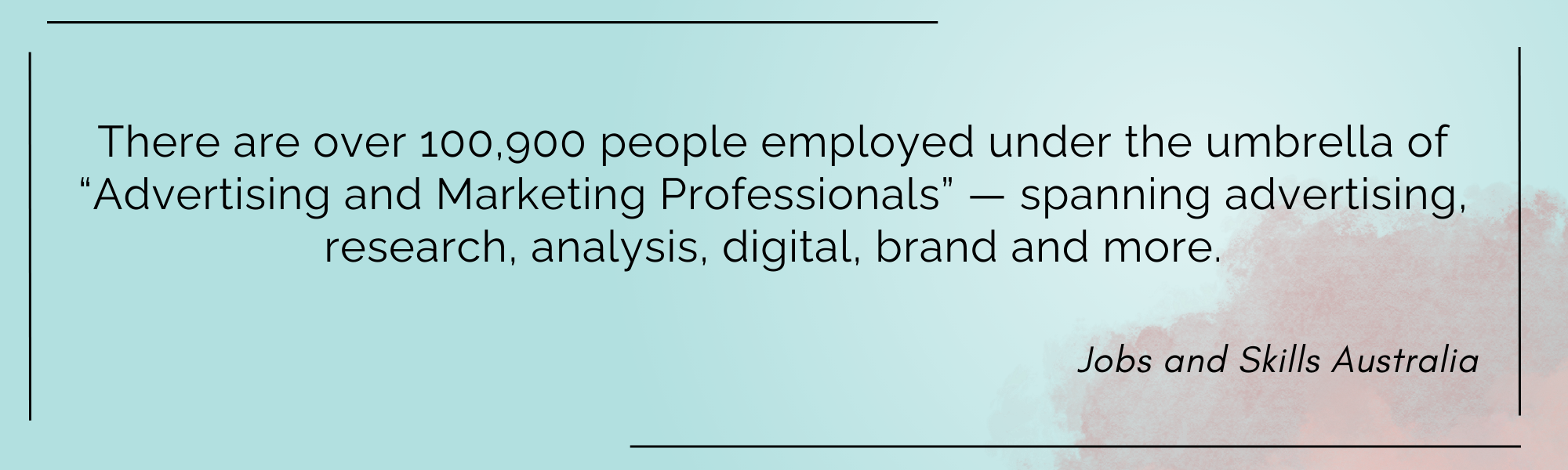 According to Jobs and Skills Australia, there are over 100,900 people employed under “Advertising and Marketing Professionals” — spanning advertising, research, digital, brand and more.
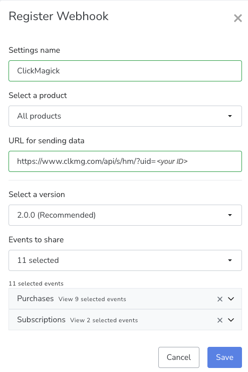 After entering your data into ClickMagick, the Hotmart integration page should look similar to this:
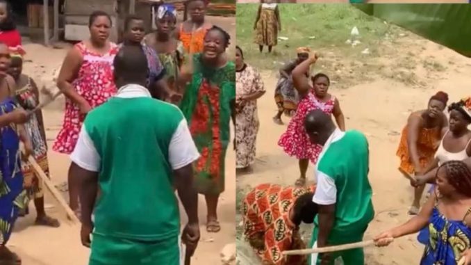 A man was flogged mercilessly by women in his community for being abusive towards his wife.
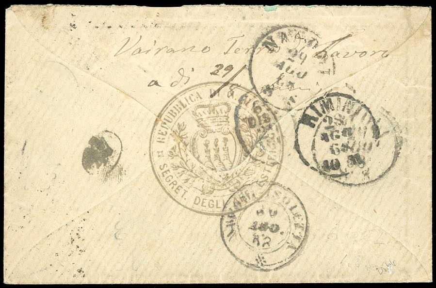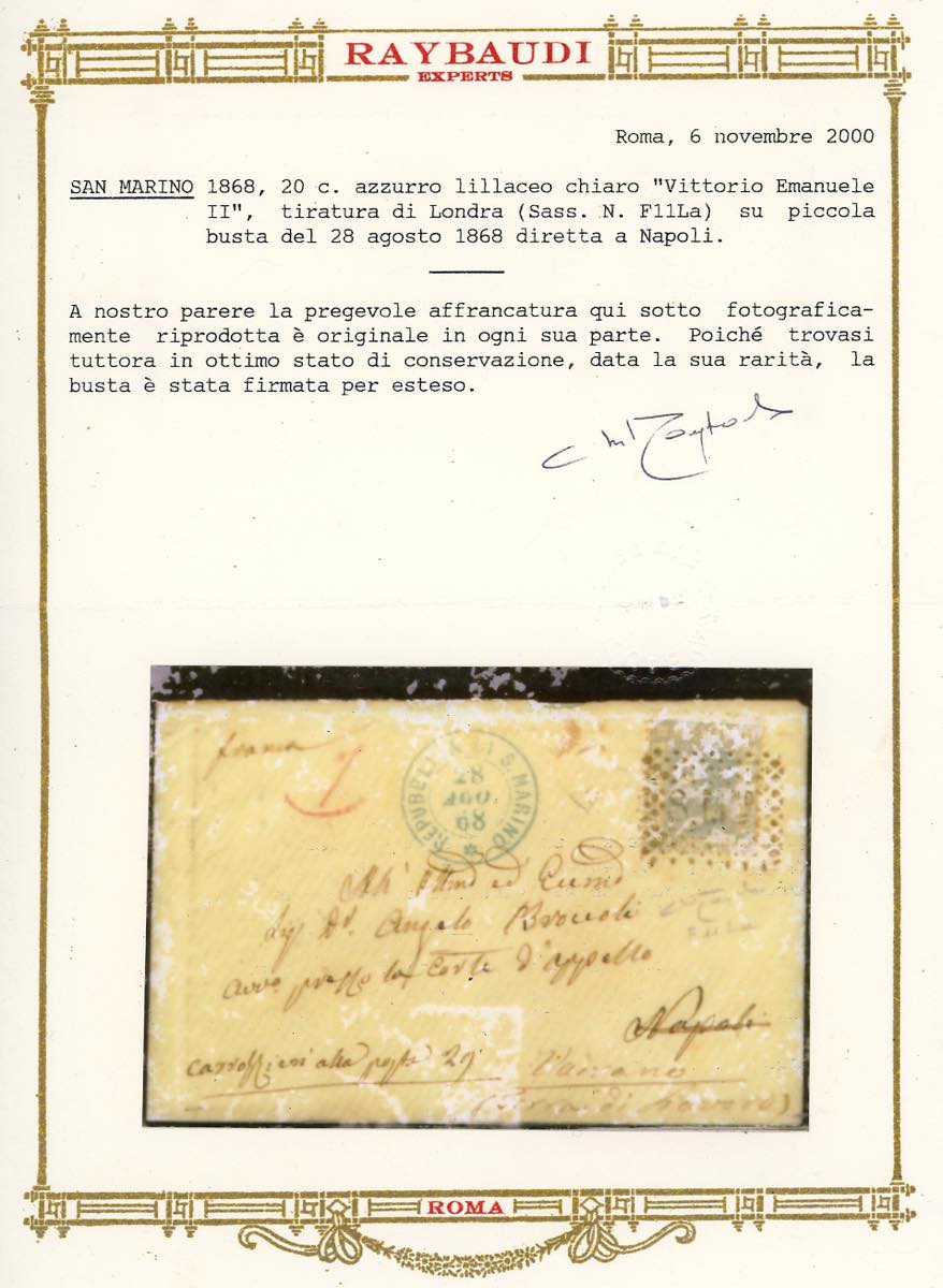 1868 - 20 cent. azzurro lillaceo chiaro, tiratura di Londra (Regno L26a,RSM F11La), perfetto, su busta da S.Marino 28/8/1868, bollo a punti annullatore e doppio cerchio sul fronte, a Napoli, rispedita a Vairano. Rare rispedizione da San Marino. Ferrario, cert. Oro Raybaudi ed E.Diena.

_ _ _

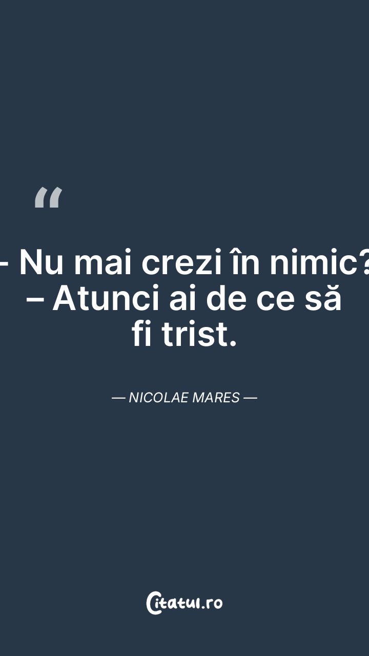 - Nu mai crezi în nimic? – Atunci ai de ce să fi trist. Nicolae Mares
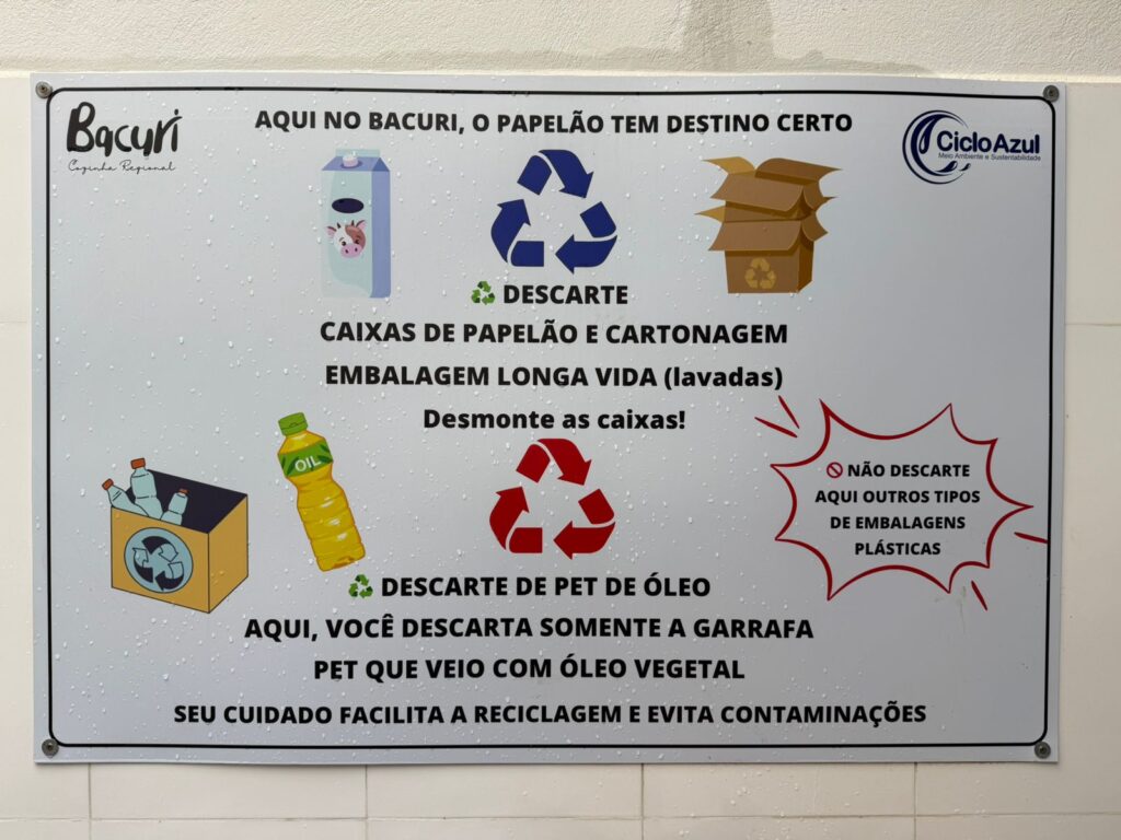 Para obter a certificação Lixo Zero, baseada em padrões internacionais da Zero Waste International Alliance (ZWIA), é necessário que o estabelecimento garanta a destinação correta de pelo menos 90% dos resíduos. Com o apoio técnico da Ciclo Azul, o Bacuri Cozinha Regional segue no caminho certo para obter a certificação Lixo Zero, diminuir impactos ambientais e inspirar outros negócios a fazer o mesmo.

_ _ _

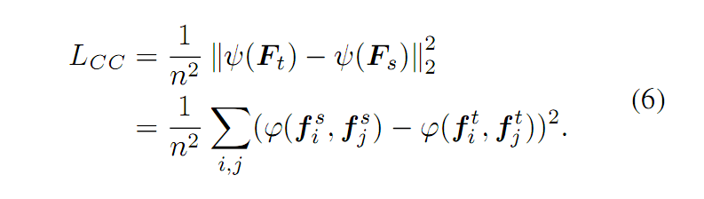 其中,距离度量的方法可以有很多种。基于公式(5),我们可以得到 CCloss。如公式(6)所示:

_ _ _

**ACTION ITEM**
Precisely those lines above that run from the line with "A man was flogged" up to and including the line with "1868 - 20 cent." are to be set down, with the pictures omitted.

**WRITTEN RESPONSE**
 A man was flogged mercilessly by women in his community for being abusive towards his wife.
 1868 - 20 cent. azzurro lillaceo chiaro, tiratura di Londra (Regno L26a,RSM F11La), perfetto, su busta da S.Marino 28/8/1868, bollo a punti annullatore e doppio cerchio sul fronte, a Napoli, rispedita a Vairano. Rare rispedizione da San Marino. Ferrario, cert. Oro Raybaudi ed E.Diena.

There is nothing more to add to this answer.